Leishmaniasis in Matara district | Sunday Observer

Leishmaniasis in Matara district

Leishmaniasis is a parasitic infection transmitted by a tiny sandfly which is spreading through the Southern province. Last year (2018) the number of patients found in the Matara District (453) had more than doubled from that of the previous year (209). Doctors are concerned as the disease could spread throughout the body unless proper treatment is taken.

Categorised as a Neglected Tropical Disease (NDT) by the World Health Organisation, leishmaniasis is mostly found in the Mediterranean basin, the Middle East, southwest and central Asia and the tropical areas of Africa. It is caused by different species of leishmanaprotozoa (single-cell microscopic insects). The disease is transmitted through the bite of infected female sandflies belonging to the Phlebotomus, Lutzomyia, and Psychodopygus species.

The sandfly is a light brown insect which is smaller than the mosquito and often, the bite of these tiny silent flyers go unnoticed or is mistaken for a mosquito bite. People tend to neglect treatment as it takes weeks or months for the symptoms (skin lesions) to appear.

There are three main forms of leishmaniasis which can be identified worldwide. Visceral leishmaniasis is the most serious type of the disease and is fatal if left untreated in over 95 percent of the cases. There is also another form of the disease called mucocutaneous leishmaniasis which leads to partial or total destruction of mucous membranes of the nose, mouth and throat. Cutaneous leishmaniasis is the most common form of leishmaniasis which causes skin lesions including ulcers on exposed parts of the body leaving life long scars and serious disability. This is the type of the disease found in Sri Lanka.

“The best possible defence against leishmaniasis in Sri Lanka is to prevent the sandfly from biting and if bitten it is very important to seek medical advice. Victims will experience pain and will have a bite mark which will turn into a blister over time and become a wound. If proper treatment is not taken the wounds would spread throughout the body. It is possible to identify the disease among rural communities in the southern province and people from all age groups ranging from small children to old persons are at risk of contracting the leishmaniasis disease” said, Assistant District Health Services Director, Dr.Deepika Patabandige Matara. Apart from the Matara area Leishmaniasis is prevalent in Anuradhapura, Polonnaruwa and Hambantota districts.
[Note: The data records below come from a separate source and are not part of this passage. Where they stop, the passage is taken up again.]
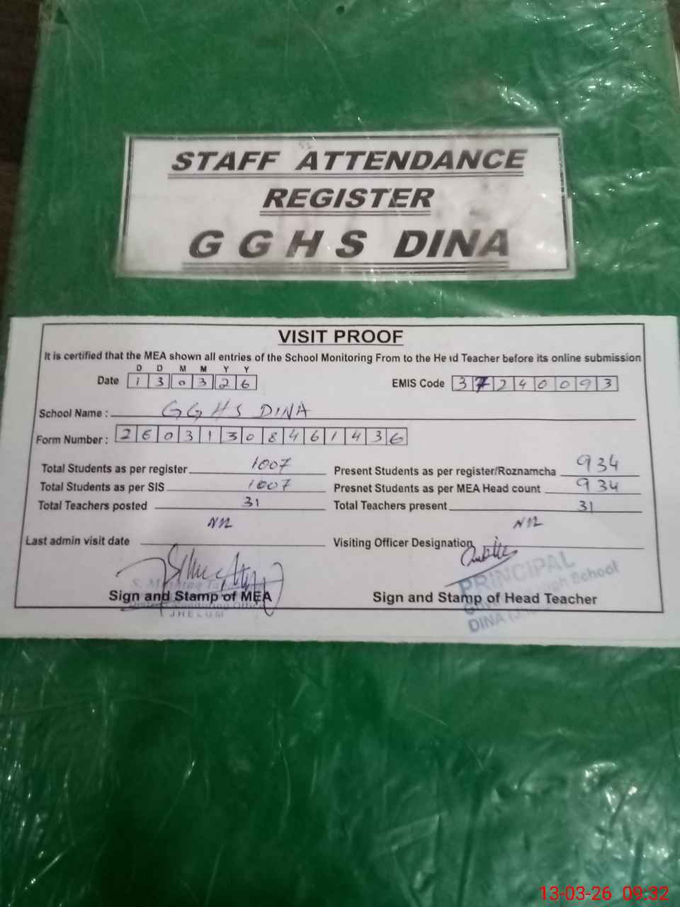 | Attendance Register | Head Teacher | MEA with School | Visit Proof |
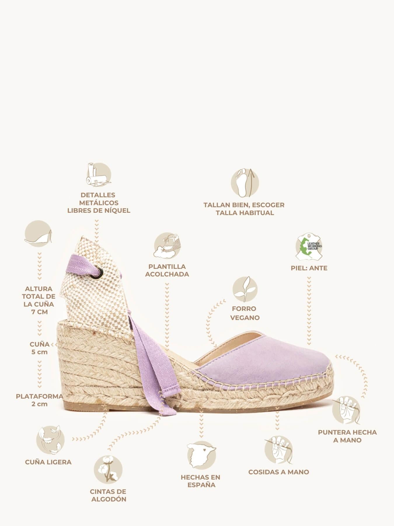 - El ante de la alpargata Romero está certificado por el Leather Working Group (una organización que promueve prácticas ambientales sostenibles)
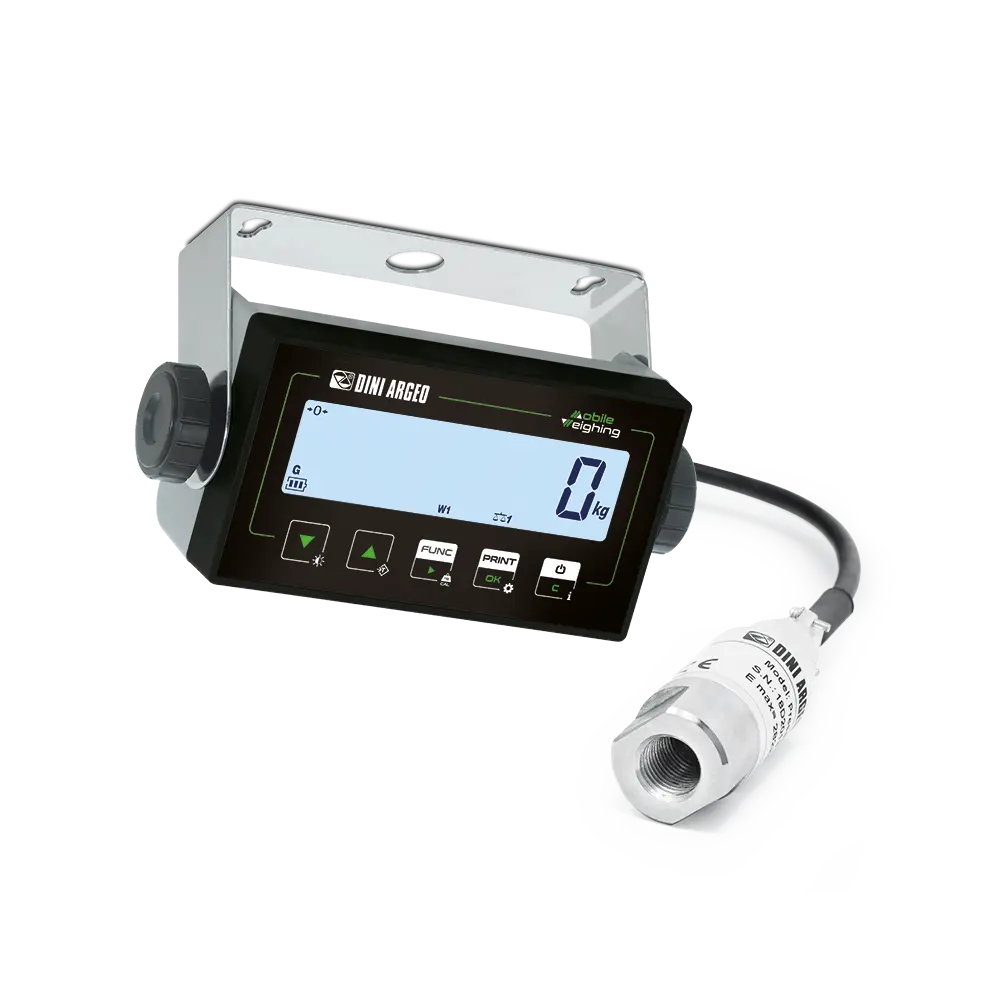 Wiegesystem zur Anwendung auf das Hydrauliksystem, einfach zu installieren durch ein T-Verbindungsstück. Ideal für Gewichtskontrollen, Kontrollen von Waren, die in das Lager ein- und ausgehen. Verhindert die Überladung des Gabelstaplers und der Regale.
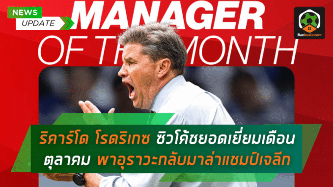 เรียกได้ว่ากำลังอยู่ในช่วงพีคสุดสำหรับ ริคาร์โด โรดริเกซ กุนซือชาวสเปนของทีม อุราวะ เรดส์ หลังโชว์ผลงานสุดเฉียบในศึก เจลีก 1 ตลอดเดือนตุลาคมที่ผ่านมา ด้วยการพาทีมเก็บชัยได้ถึง 3 นัดติดต่อกัน แบบไร้พ่าย ส่งผลให้ฟอร์มโดยรวมของทีมกลับมาร้อนแรงอีกครั้ง และทำให้เจ้าตัวคว้ารางวัล ผู้จัดการทีมยอดเยี่ยมประจำเดือนตุลาคม ไปครองอย่างสมศักดิ์ศรี
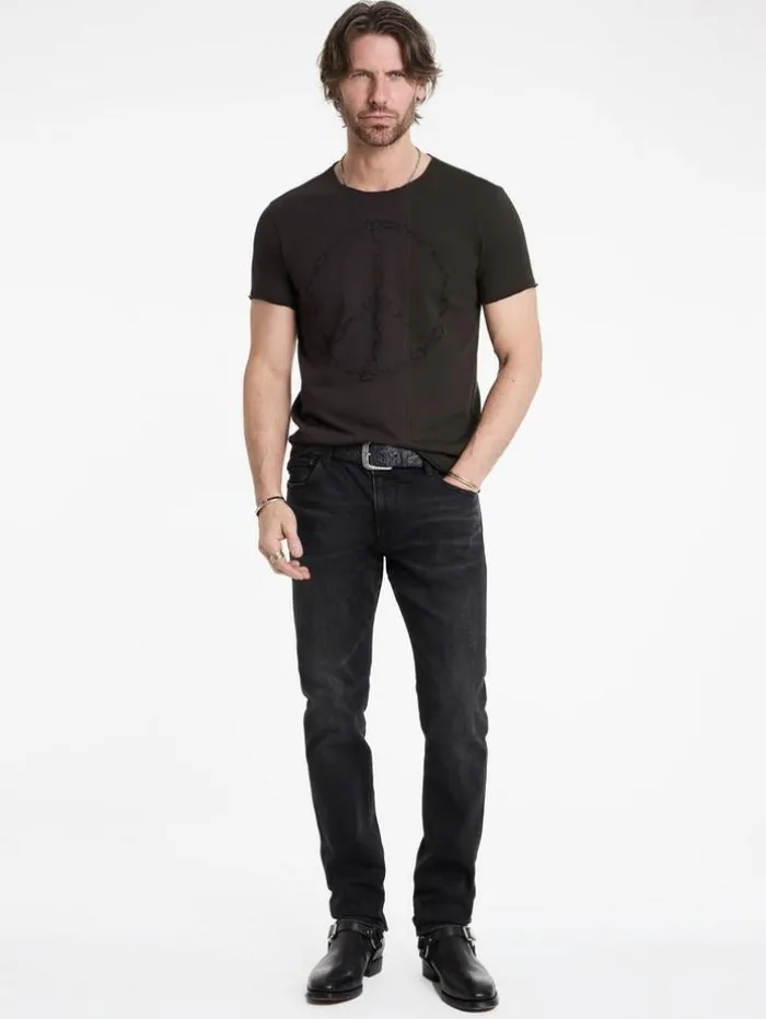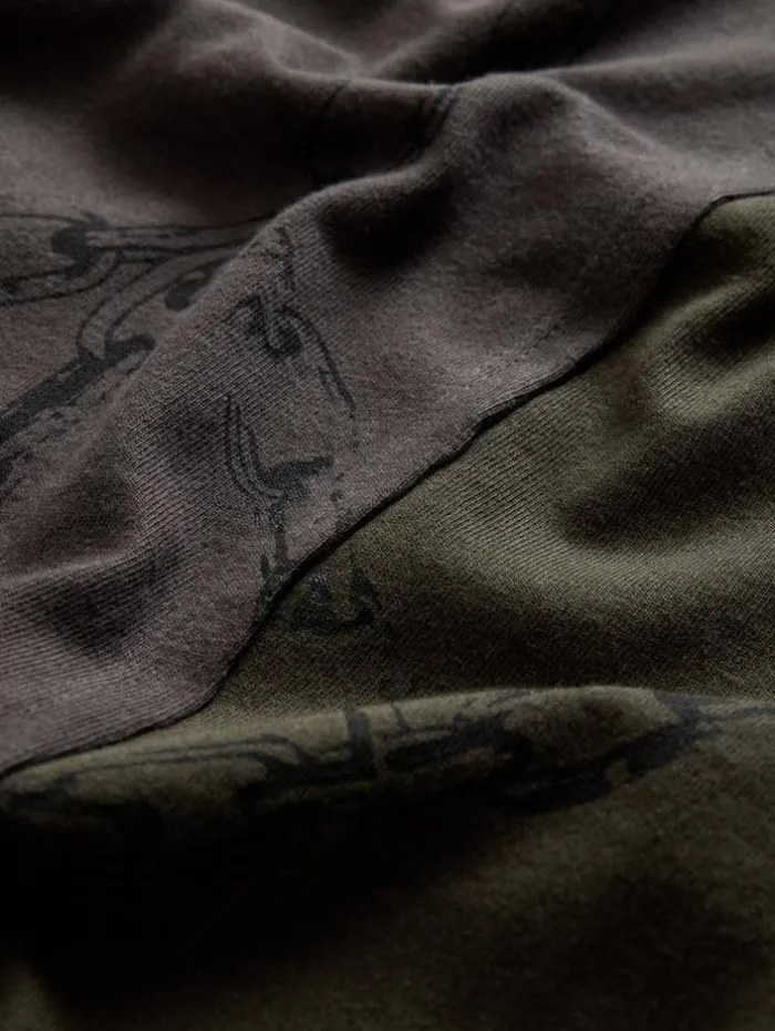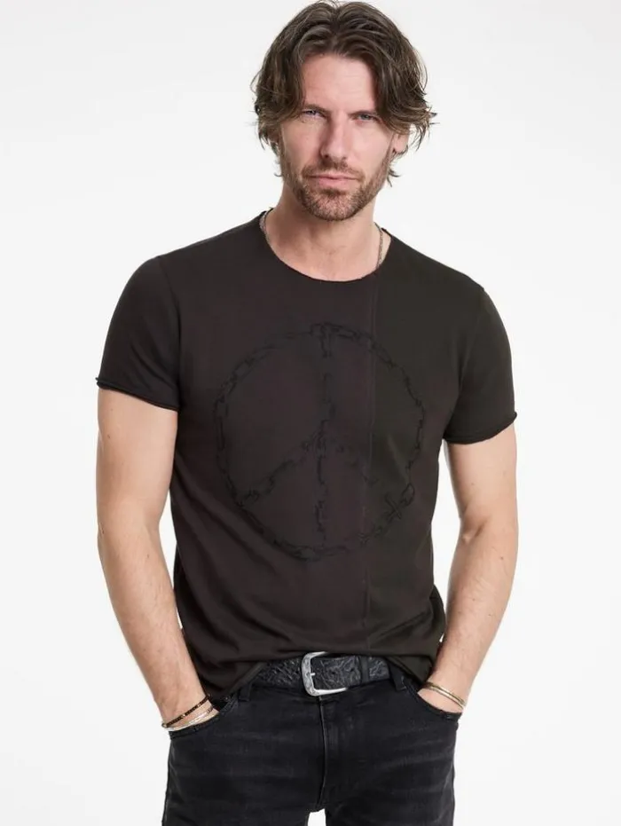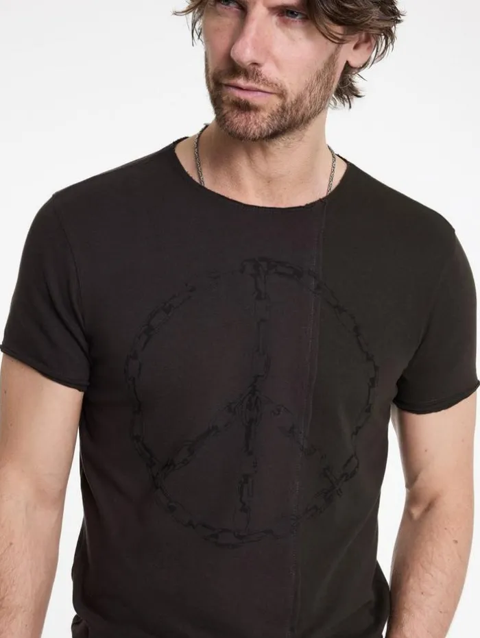 Rebel with a cause in our Chain Peace Tee. Two contrasting panels clash, sewn with raw edge seams that disrupt the norm. Made from organic cotton, the chain-crafted peace sign printed across the seams delivers a strong visual impact with a worn-in appearance. Its relaxed fit makes it versatile enough to wear on its own or as a standout base layer.100% Organic CottonMachine Wash ColdCrew NeckShort SleeveRaw Edge DetailChain Peace ArtworkMeasurements: Body Length: 28″, Chest Width (Flat): 20.5″, Sleeve Length: 16.75″

She said “We have identified 276 patients from the Dickwella MOH area, 107 patients from Devundara MOH area and 70 patients from the Kakunadura MOH area in 2018. Several cases have been identified from other areas as well. Unfortunately, many patients decide to receive treatment when the wound becomes a problem for them. When people seek treatment they do not go to the correct place and the wound won’t heal due to wrong treatment. The wound will only heal when the recommended treatment for leishmanaiasis is given. The sandfly known as ‘Walimassa’ in Sinhala is referred to by different names in different areas and this is also an obstacle in preventing the disease”.

Dr.Deepika stressed the importance of personal protection by people living in the leishmaniasis affected areas. She said, “One of the most important factors is protecting oneself from sandflies, and seeking the correct treatment for leishmaniasis will heal the skin disease quickly. Unfortunately, the problem is that patients are not self motivated to take treatment and delay to receive treatment”.

Although the type of leishmaniasis prevalent in Sri Lanka is not serious and cause only skin lesions, the disease will prevail until patients receive proper treatment for the disease. It is important for people to protect themselves from the sandfly bites as currently there are no other methods used to control the sandfly.